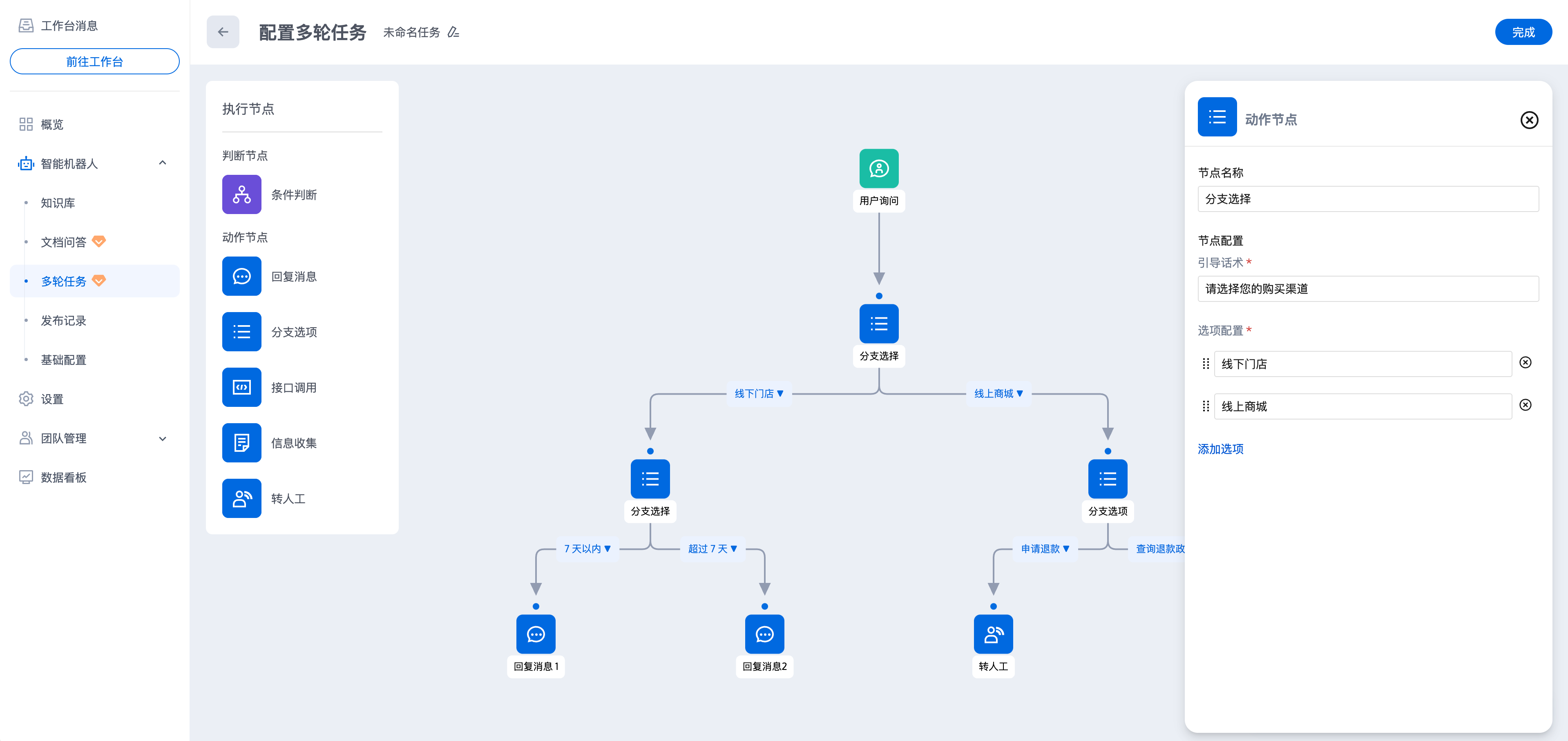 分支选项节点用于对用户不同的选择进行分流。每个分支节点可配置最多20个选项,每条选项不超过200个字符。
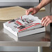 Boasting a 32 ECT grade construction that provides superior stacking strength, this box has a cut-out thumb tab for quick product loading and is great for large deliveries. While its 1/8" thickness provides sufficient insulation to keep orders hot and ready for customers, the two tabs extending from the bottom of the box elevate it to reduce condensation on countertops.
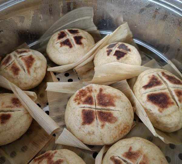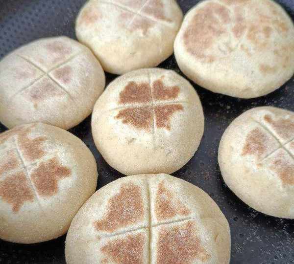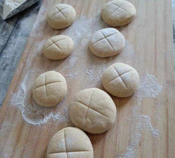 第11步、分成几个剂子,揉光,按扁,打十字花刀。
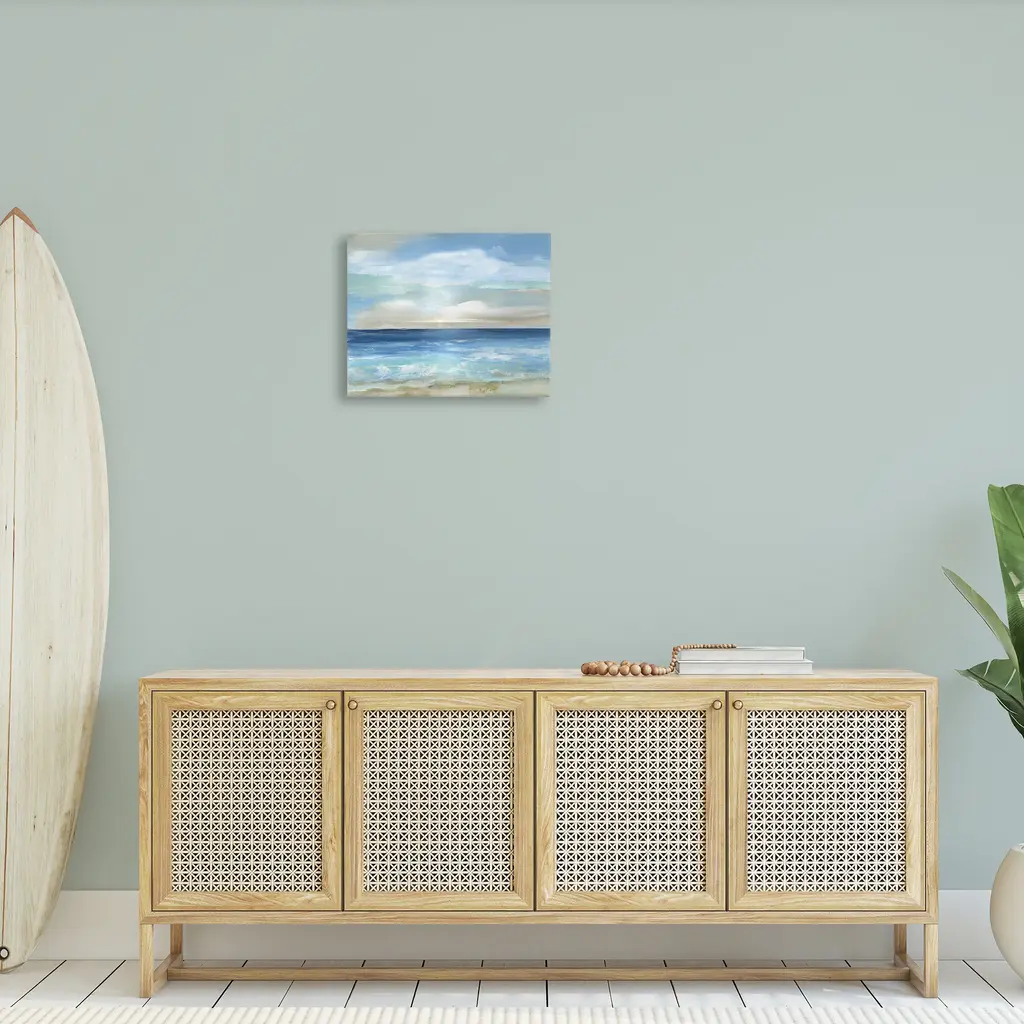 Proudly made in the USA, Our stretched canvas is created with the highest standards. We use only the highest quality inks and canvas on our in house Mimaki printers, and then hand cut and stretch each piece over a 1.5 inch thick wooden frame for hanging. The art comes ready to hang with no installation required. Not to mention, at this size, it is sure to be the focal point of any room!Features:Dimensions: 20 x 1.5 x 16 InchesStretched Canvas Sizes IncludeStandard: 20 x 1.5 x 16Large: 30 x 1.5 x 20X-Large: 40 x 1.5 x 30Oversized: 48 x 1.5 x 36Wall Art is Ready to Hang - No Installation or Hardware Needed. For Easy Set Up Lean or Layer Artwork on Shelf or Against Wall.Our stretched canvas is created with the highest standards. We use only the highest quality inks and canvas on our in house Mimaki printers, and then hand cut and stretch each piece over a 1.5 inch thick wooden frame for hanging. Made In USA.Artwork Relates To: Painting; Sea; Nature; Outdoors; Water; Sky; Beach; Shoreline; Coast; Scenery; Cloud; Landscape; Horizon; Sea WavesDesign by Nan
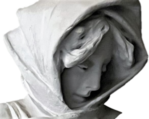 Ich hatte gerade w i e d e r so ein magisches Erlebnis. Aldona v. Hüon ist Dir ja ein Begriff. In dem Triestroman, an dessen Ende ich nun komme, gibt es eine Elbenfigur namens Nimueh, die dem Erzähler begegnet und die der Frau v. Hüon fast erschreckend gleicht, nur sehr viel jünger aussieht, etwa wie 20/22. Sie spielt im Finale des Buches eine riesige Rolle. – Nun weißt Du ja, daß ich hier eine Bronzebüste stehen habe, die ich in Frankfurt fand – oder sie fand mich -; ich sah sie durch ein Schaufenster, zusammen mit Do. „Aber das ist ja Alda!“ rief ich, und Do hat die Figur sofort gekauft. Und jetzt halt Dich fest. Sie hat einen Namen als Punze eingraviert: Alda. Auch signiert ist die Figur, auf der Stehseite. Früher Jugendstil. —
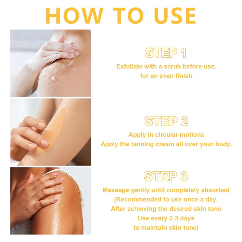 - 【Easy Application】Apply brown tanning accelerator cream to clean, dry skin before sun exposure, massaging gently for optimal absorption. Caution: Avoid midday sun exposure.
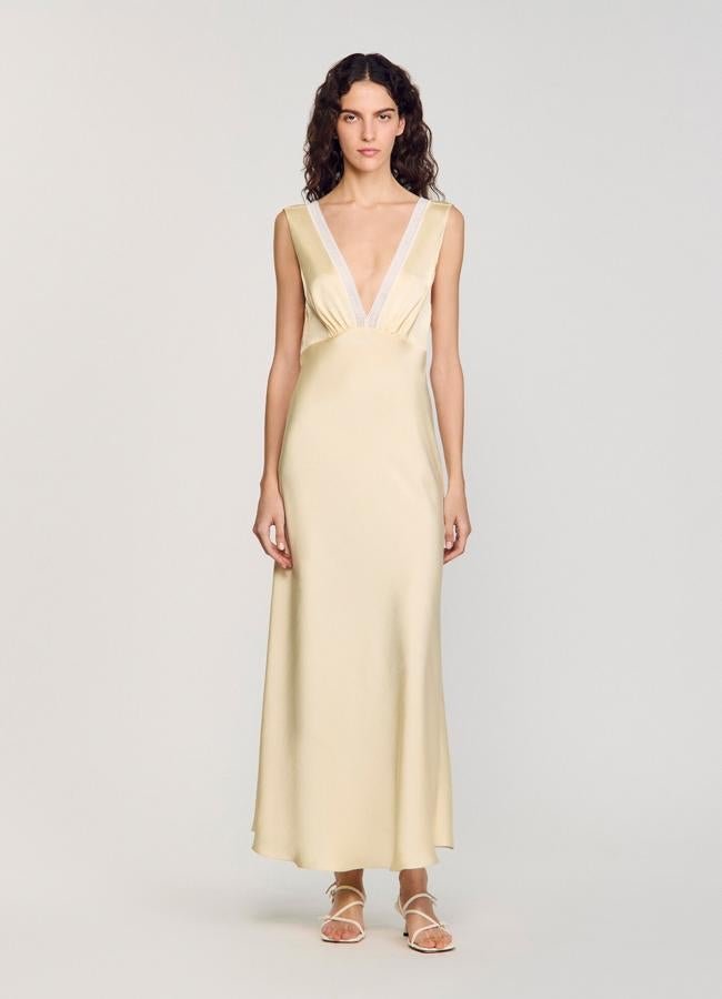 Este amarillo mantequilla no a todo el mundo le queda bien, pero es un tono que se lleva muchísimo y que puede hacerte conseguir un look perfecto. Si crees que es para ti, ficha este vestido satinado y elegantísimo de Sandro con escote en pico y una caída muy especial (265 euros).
--*--
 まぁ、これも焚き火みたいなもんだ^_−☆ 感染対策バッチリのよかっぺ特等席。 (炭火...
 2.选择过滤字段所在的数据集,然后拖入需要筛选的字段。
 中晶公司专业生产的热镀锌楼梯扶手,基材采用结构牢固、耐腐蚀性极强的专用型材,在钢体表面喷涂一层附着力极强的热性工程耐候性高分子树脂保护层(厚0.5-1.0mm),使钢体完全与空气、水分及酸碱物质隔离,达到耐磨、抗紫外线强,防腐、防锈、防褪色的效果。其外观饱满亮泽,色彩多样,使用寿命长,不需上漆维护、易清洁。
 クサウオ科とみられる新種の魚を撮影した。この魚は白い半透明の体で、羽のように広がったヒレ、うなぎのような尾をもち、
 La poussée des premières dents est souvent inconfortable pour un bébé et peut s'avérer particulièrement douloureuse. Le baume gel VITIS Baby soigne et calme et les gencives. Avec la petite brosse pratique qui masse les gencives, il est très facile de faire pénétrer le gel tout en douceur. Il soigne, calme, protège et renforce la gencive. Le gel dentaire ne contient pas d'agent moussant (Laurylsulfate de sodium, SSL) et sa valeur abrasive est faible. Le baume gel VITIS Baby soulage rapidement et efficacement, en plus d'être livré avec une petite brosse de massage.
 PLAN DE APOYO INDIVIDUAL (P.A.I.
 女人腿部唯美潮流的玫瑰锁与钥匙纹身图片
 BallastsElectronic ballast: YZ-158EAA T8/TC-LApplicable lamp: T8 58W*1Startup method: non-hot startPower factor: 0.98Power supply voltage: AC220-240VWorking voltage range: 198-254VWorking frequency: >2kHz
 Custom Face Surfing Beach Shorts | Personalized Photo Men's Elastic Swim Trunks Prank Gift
--*--
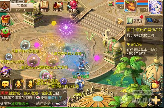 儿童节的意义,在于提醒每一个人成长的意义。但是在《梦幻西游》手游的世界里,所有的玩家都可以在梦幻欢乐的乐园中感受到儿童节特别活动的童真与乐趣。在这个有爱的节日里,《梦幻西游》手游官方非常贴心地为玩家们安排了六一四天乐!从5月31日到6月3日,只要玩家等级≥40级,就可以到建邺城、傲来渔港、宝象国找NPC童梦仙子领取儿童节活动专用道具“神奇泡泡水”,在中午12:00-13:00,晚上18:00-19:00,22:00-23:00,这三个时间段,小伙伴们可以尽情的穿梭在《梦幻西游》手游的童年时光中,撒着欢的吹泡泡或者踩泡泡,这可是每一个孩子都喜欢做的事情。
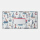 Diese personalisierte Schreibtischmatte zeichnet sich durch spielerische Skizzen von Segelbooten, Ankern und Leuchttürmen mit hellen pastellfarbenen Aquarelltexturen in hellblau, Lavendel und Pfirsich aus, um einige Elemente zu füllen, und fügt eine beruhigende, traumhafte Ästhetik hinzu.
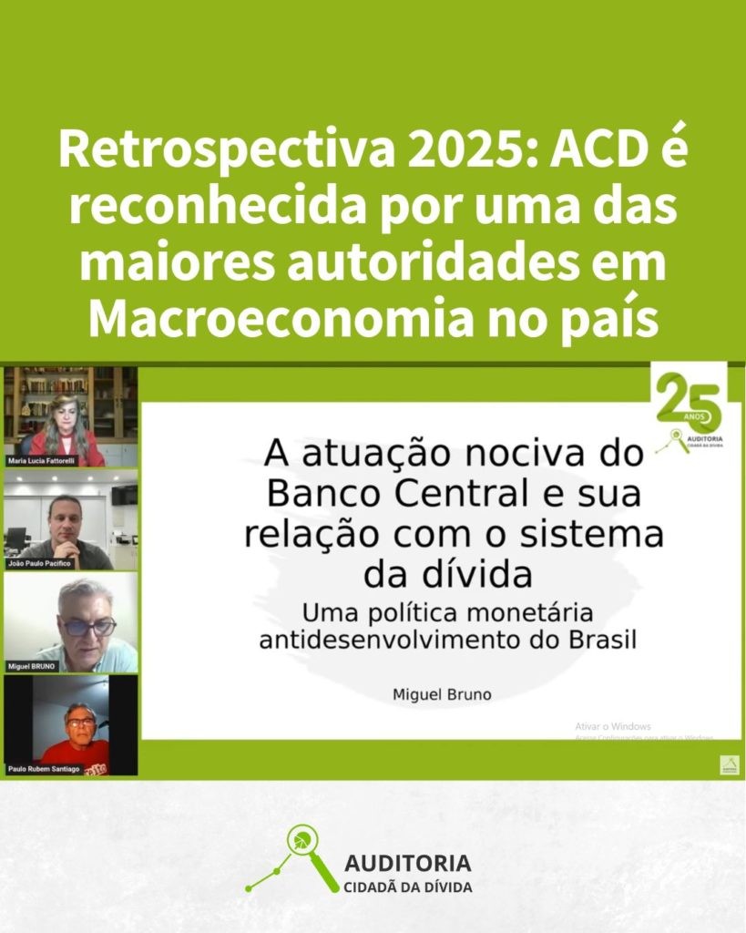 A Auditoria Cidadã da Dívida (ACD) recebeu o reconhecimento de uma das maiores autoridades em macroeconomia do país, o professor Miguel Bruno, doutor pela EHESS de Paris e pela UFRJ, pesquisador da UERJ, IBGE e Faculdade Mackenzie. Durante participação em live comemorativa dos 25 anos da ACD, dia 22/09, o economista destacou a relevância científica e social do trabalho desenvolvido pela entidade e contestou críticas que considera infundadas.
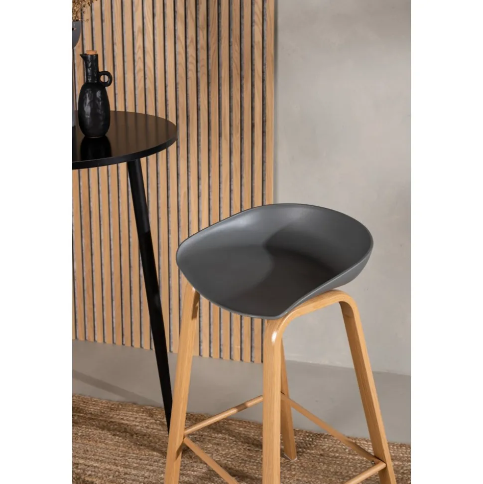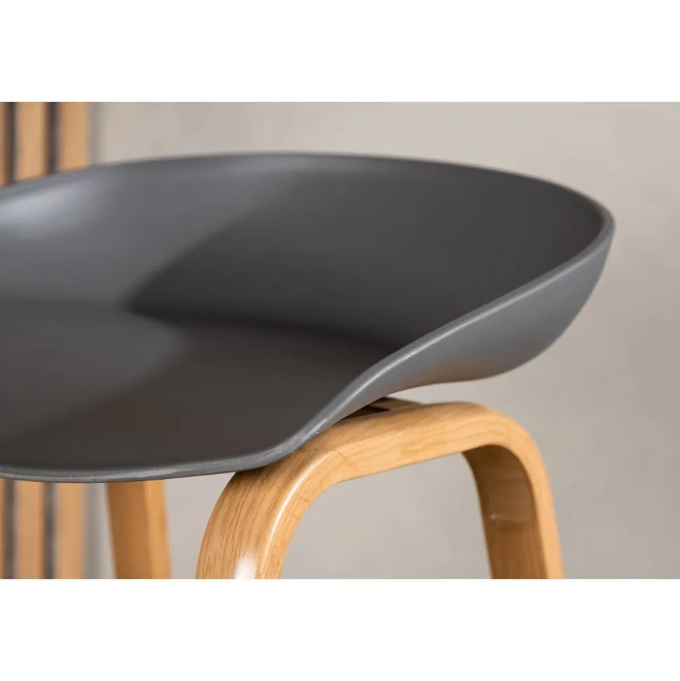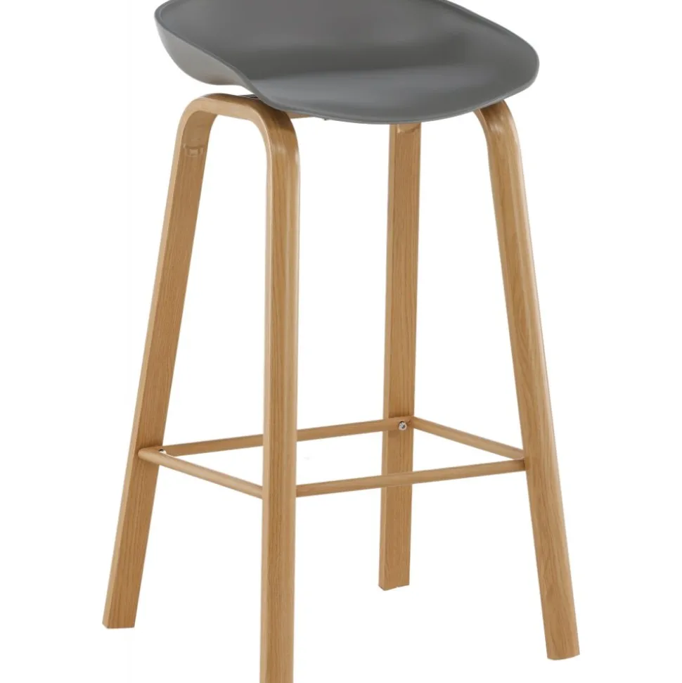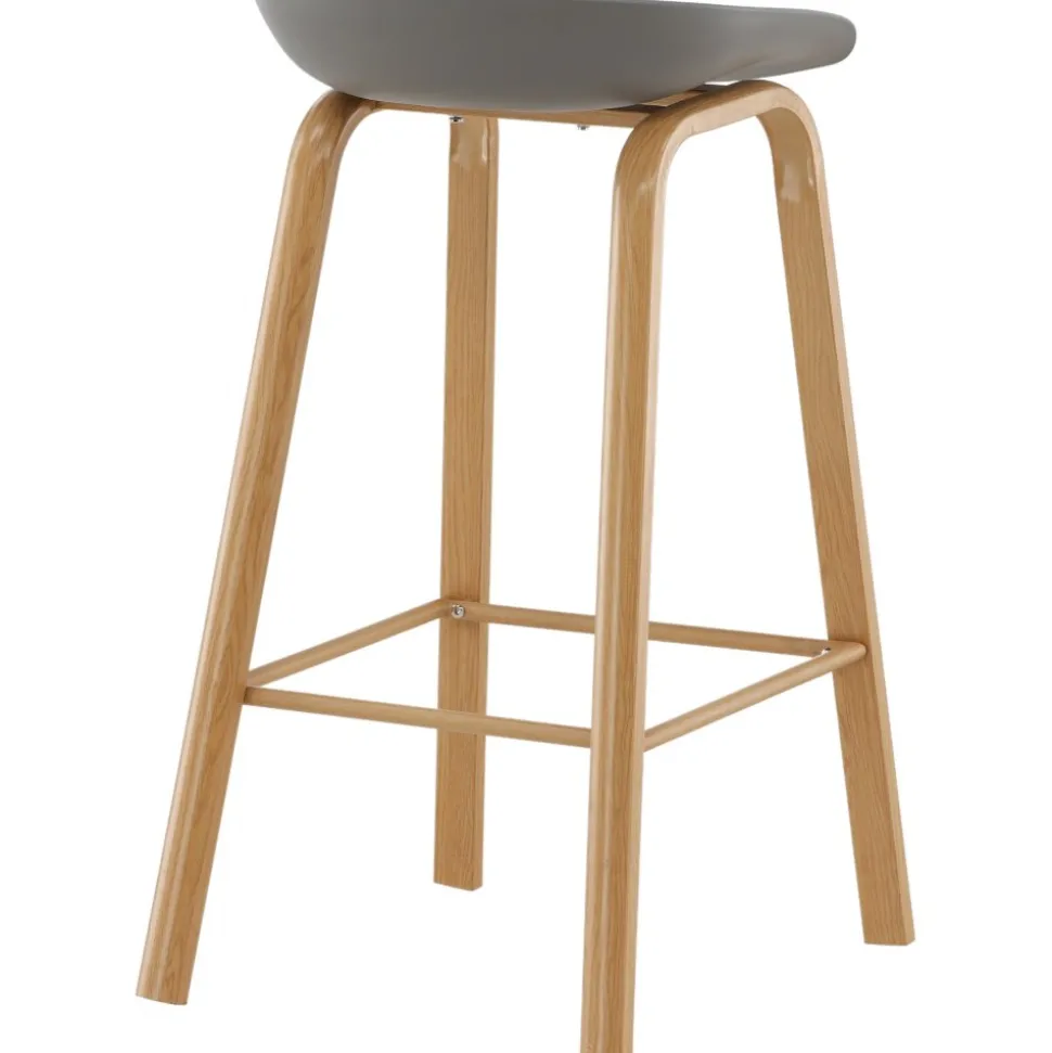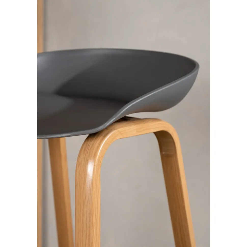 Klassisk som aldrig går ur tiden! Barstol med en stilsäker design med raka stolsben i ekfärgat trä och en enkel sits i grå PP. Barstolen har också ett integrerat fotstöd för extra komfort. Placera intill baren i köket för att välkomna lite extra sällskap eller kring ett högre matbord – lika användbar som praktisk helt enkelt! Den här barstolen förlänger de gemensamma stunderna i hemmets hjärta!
--*--
**About this exercise:** Only the lines above from the line containing "PLAN DE APOYO INDIVIDUAL (P.A.I." through the line containing "BallastsElectronic ballast: YZ-158EAA" should be retyped, exactly and with both ends included.

**Finished exercise:**
 PLAN DE APOYO INDIVIDUAL (P.A.I.
 女人腿部唯美潮流的玫瑰锁与钥匙纹身图片
 BallastsElectronic ballast: YZ-158EAA T8/TC-LApplicable lamp: T8 58W*1Startup method: non-hot startPower factor: 0.98Power supply voltage: AC220-240VWorking voltage range: 198-254VWorking frequency: >2kHz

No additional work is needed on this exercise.